Aesthetic Realism explains that ethnic prejudice begins with a way of seeing that’s very ordinary and is in everyone—a way of seeing that’s completely opposed to the seeing that’s in art. Prejudice begins with contempt, “the lessening of what is different from oneself as a means of self-increase as one sees it.” The unspoken feeling behind prejudice is: “The world, which is different from me, is not something I like; it doesn’t treat me right—what’s different from me is an enemy I’ve got to defeat. A way to defeat it is to see it as beneath me, and that includes someone with a different skin tone or ethnicity. I’m important, superior because I can look down on this person—even treat him or her brutally.”
The solution to racism—what can really have it end—is in sentences I love by Ellen Reiss, from the issue of The Right of Aesthetic Realism to Be Known titled “Racism Can End.” What will truly do away with ethnic prejudice, she writes,
is not the feeling that the difference of another person is somehow tolerable. What is necessary is the seeing and feeling that the relation of sameness and difference between ourselves and that other person is beautiful. People need to feel, with feeling both intimately personal and large, that difference of race is like the difference to be found in music: two notes are different, but they are in behalf of the same melody; they complete each other; each needs the other to be expressed richly, to be fully itself.

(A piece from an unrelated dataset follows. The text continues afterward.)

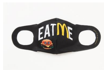
MILKBOY MILKBOY (BURGER) 1,500円(税込)

It is possible for millions of men, women, and children to have an emotion about race that is like an art emotion. And it is necessary. [TRO 1264]
In keeping with that statement—here is the anti-prejudice public service film by Ken Kimmelman The Heart Knows Better—a winner of multiple awards, including a National Emmy:
As I said, these five instances from the Foundation’s websites are indicative of the might, the kindness, the newness, and the importance of Aesthetic Realism.
The Aesthetic Realism Foundation is a national treasure, for the education of America and the world!